◆ WHAT YOU NEED TO DO
Exact copies of all the lines below are needed, without the pictures.

◆ RECORDS SHOWN
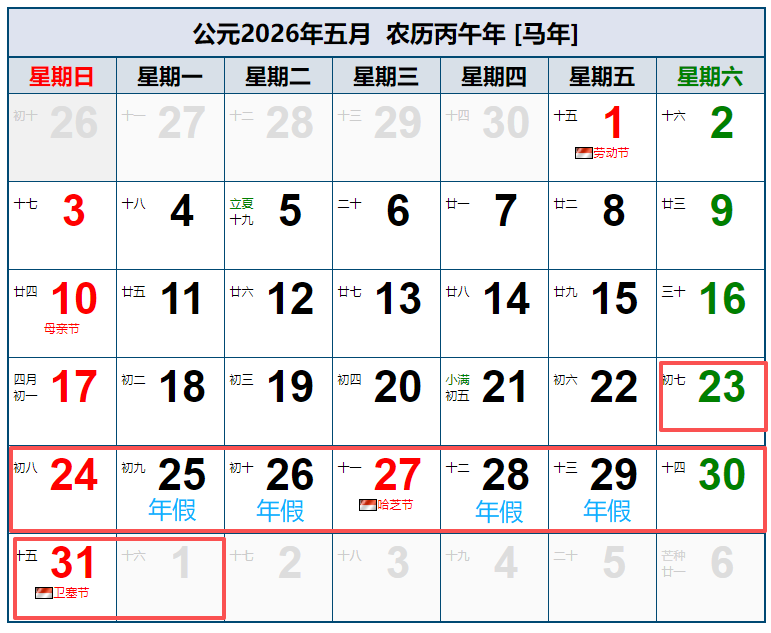 明年的哈芝节(暂定日期)和卫塞节相隔很近,只要在5月25日、26日、28日和29日拿四天年假,就能一口气休息10天!(6月1日为卫塞节补假)
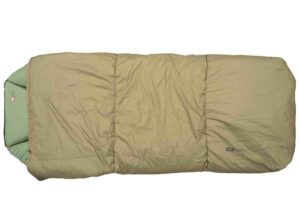 Don’t let cold conditions stand in the way of you and your next memorable carp capture – hunker down for the night in our Element Comfort sleeping bag complete with Element thermal cover. This package gives you everything you need for a warm, comfortable, and restful night’s sleep on the bank – until your alarm screams off, that is! Made from ultra-lightweight, breathable, and water-resistant ripstop fabric, the sleeping bag also features statically positioned hollow fibre filling that helps optimise insulation. It also has heavy-duty and easy-access zippers on both sides that are accompanied by anti-jam beading for when you need to get to your rods in a hurry. The sleeping bag can be securely fastened to the head and foot sections of your bedchair via contoured elasticated hoods, while a centrally positioned and adjustable seatbelt strap reduces movement even further. Meanwhile, the thermal cover is layered with a hollow fibre filling and lined with an ultra-soft micro fleece and features an elasticated foot hood and two elasticated straps with fixing clips ensure it can be securely fitted to your bedchair frame. It also has generous overhangs on each side to eliminate drafts. Both items pack down small for easy transport and combined together, the sleeping bag and thermal cover offer such a high level of warmth and comfort that you’ll wonder how you ever fished in the cold without them. But they are also perfect for summer fishing too – you can sleep on top of the sleeping bag using the thermal cover as a duvet – making this set the ultimate all-season carp sleeping solution.
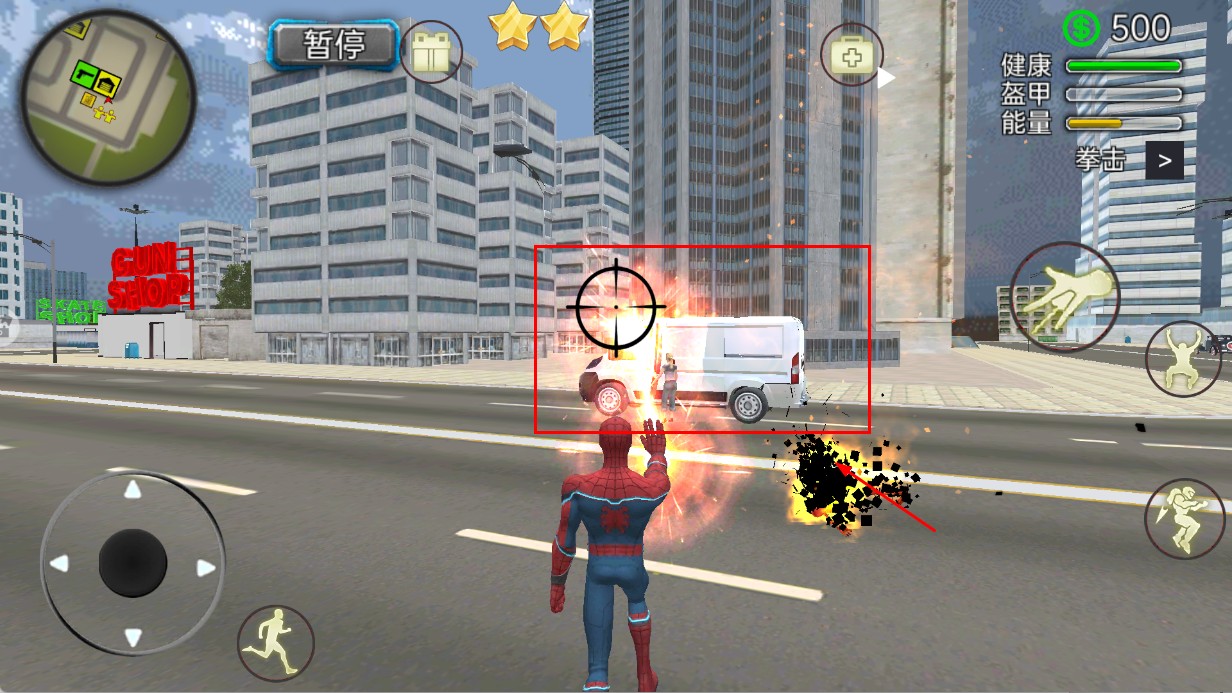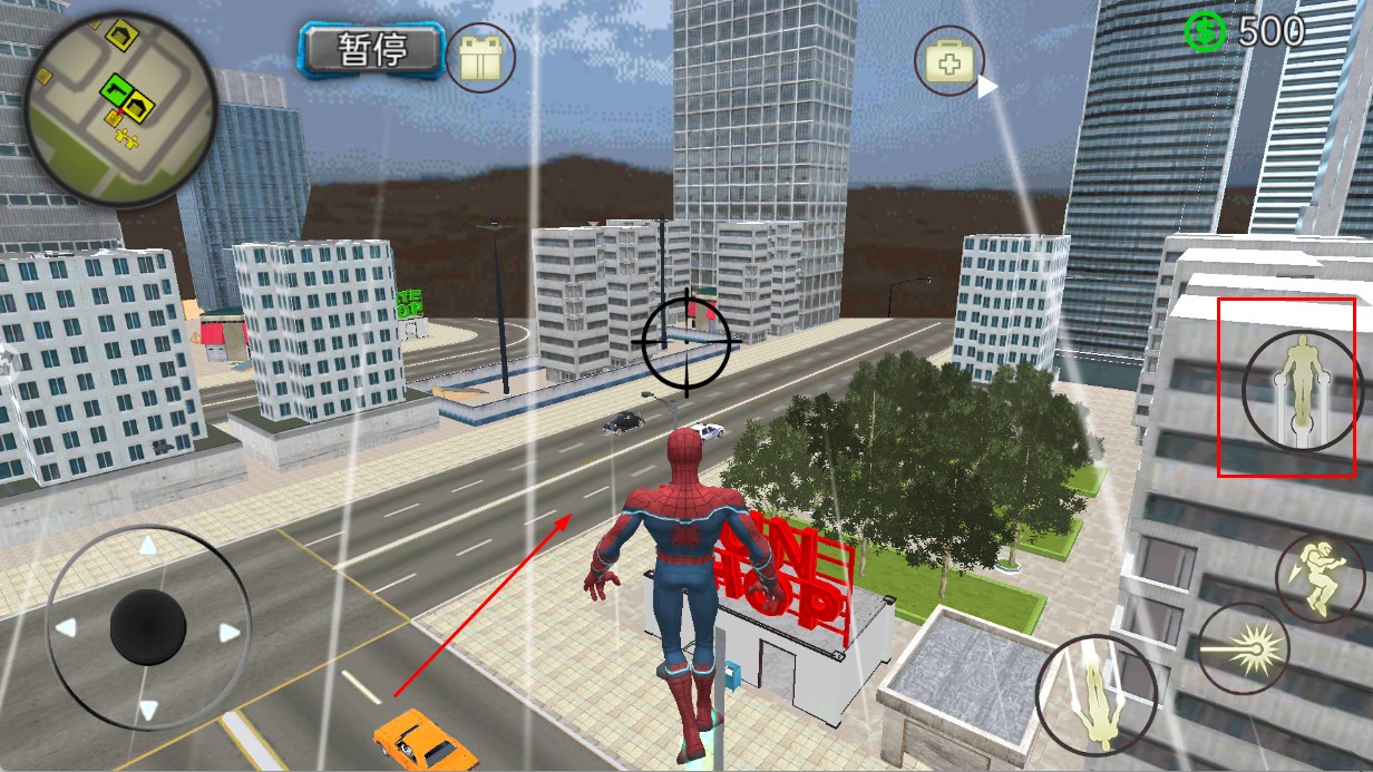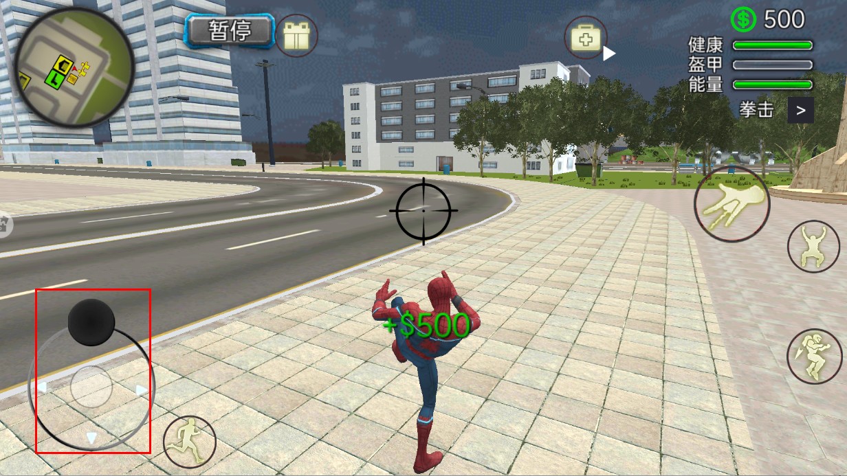 2、在城市街道移动时,用左侧虚拟摇杆控制方向,观察小地图找任务点。
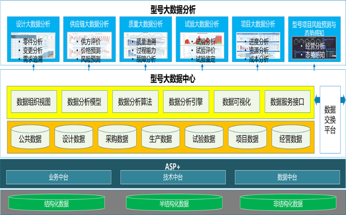 多種場景數據分析與應用: 根據不同業務場景提供大數據分析、數據搜索、數據圖譜、數據應用和數據交換等各類數據服務,提供數據變更分析、數據追溯分析、產品質量分析、成功數據包絡分析、項目態勢分析等大數據分析能力。
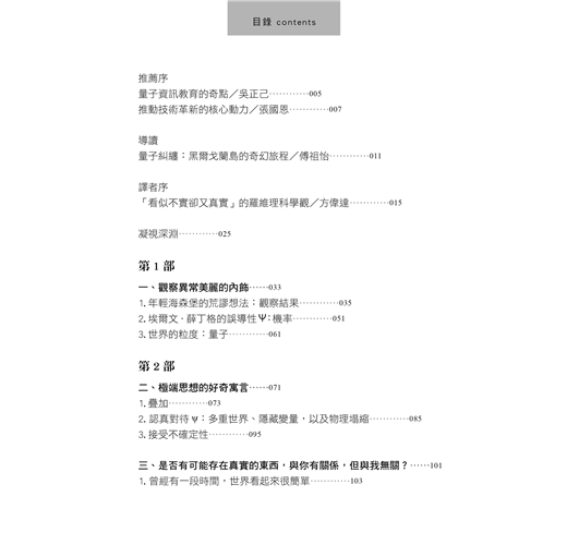 本書為讀者解開了量子理論的永恆謎題。作者筆下描繪出一個美麗無比、令人著迷,但另一方面又使人感到些許不安的量子世界。
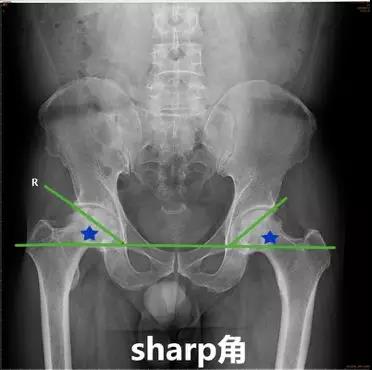 - Sharp角:即双侧泪滴下端连线与泪滴下端至髋臼上缘连线所成的角。
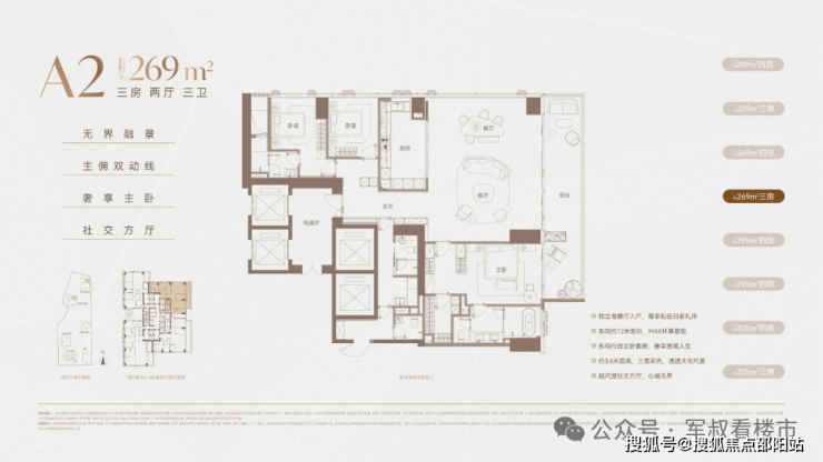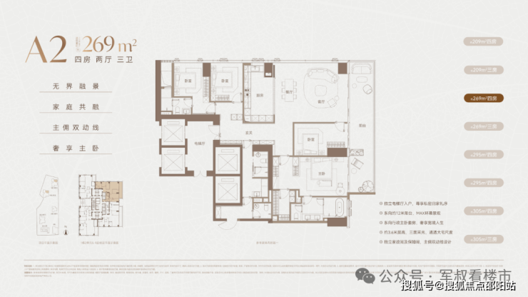 ③269户型的总价和295户型总价差不多,主要景观朝东,超大尺度阳台,并且有独立的家政保姆间,主服动线分离,是本次最小面积带保姆间的了,当然也可以作为储藏间使用;也是可以实现4房使用,但我个人更喜欢做3房的布局,1单元低区正对公园或者高区看海,超大客厅+超大阳台,4500万左右的价格确实听打动人,预算不超5000万但又想买超大阳台和景观更好的家人们,可以重点关注!
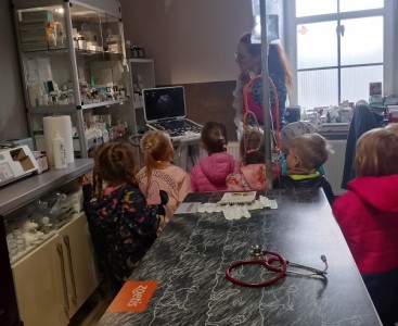 Wizyta u weterynarza dostarczyła nam wiele radości i nowej wiedzy. Pani Klaudia opowiedziała nam jak przebiega wizyta piesków i kotków w ich gabinecie.
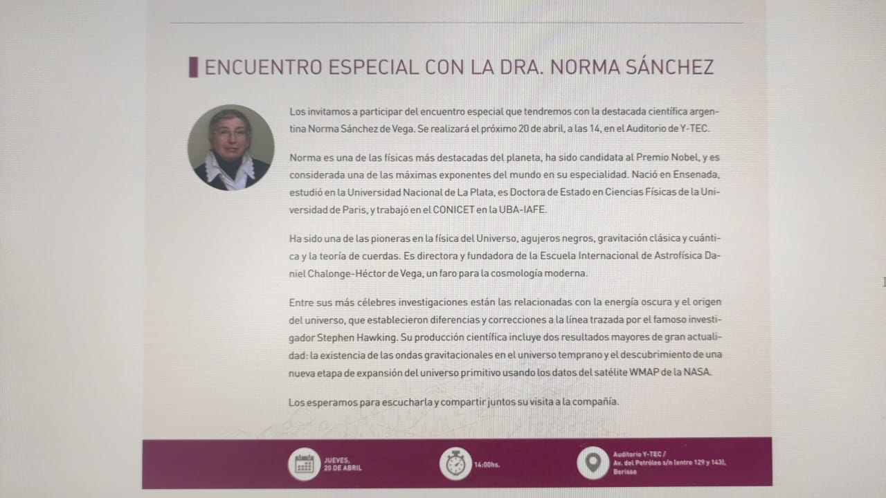 - 20 Avril 2023 : Conference Prof Dra Norma G. Sanchez a Y-TEC, YPF-Tecnologia-Conicet, Berisso :

◆ ANSWER SECTION
 明年的哈芝节(暂定日期)和卫塞节相隔很近,只要在5月25日、26日、28日和29日拿四天年假,就能一口气休息10天!(6月1日为卫塞节补假)
 Don’t let cold conditions stand in the way of you and your next memorable carp capture – hunker down for the night in our Element Comfort sleeping bag complete with Element thermal cover. This package gives you everything you need for a warm, comfortable, and restful night’s sleep on the bank – until your alarm screams off, that is! Made from ultra-lightweight, breathable, and water-resistant ripstop fabric, the sleeping bag also features statically positioned hollow fibre filling that helps optimise insulation. It also has heavy-duty and easy-access zippers on both sides that are accompanied by anti-jam beading for when you need to get to your rods in a hurry. The sleeping bag can be securely fastened to the head and foot sections of your bedchair via contoured elasticated hoods, while a centrally positioned and adjustable seatbelt strap reduces movement even further. Meanwhile, the thermal cover is layered with a hollow fibre filling and lined with an ultra-soft micro fleece and features an elasticated foot hood and two elasticated straps with fixing clips ensure it can be securely fitted to your bedchair frame. It also has generous overhangs on each side to eliminate drafts. Both items pack down small for easy transport and combined together, the sleeping bag and thermal cover offer such a high level of warmth and comfort that you’ll wonder how you ever fished in the cold without them. But they are also perfect for summer fishing too – you can sleep on top of the sleeping bag using the thermal cover as a duvet – making this set the ultimate all-season carp sleeping solution.
 2、在城市街道移动时,用左侧虚拟摇杆控制方向,观察小地图找任务点。
 多種場景數據分析與應用: 根據不同業務場景提供大數據分析、數據搜索、數據圖譜、數據應用和數據交換等各類數據服務,提供數據變更分析、數據追溯分析、產品質量分析、成功數據包絡分析、項目態勢分析等大數據分析能力。
 本書為讀者解開了量子理論的永恆謎題。作者筆下描繪出一個美麗無比、令人著迷,但另一方面又使人感到些許不安的量子世界。
 - Sharp角:即双侧泪滴下端连线与泪滴下端至髋臼上缘连线所成的角。
 ③269户型的总价和295户型总价差不多,主要景观朝东,超大尺度阳台,并且有独立的家政保姆间,主服动线分离,是本次最小面积带保姆间的了,当然也可以作为储藏间使用;也是可以实现4房使用,但我个人更喜欢做3房的布局,1单元低区正对公园或者高区看海,超大客厅+超大阳台,4500万左右的价格确实听打动人,预算不超5000万但又想买超大阳台和景观更好的家人们,可以重点关注!
 Wizyta u weterynarza dostarczyła nam wiele radości i nowej wiedzy. Pani Klaudia opowiedziała nam jak przebiega wizyta piesków i kotków w ich gabinecie.
 - 20 Avril 2023 : Conference Prof Dra Norma G. Sanchez a Y-TEC, YPF-Tecnologia-Conicet, Berisso :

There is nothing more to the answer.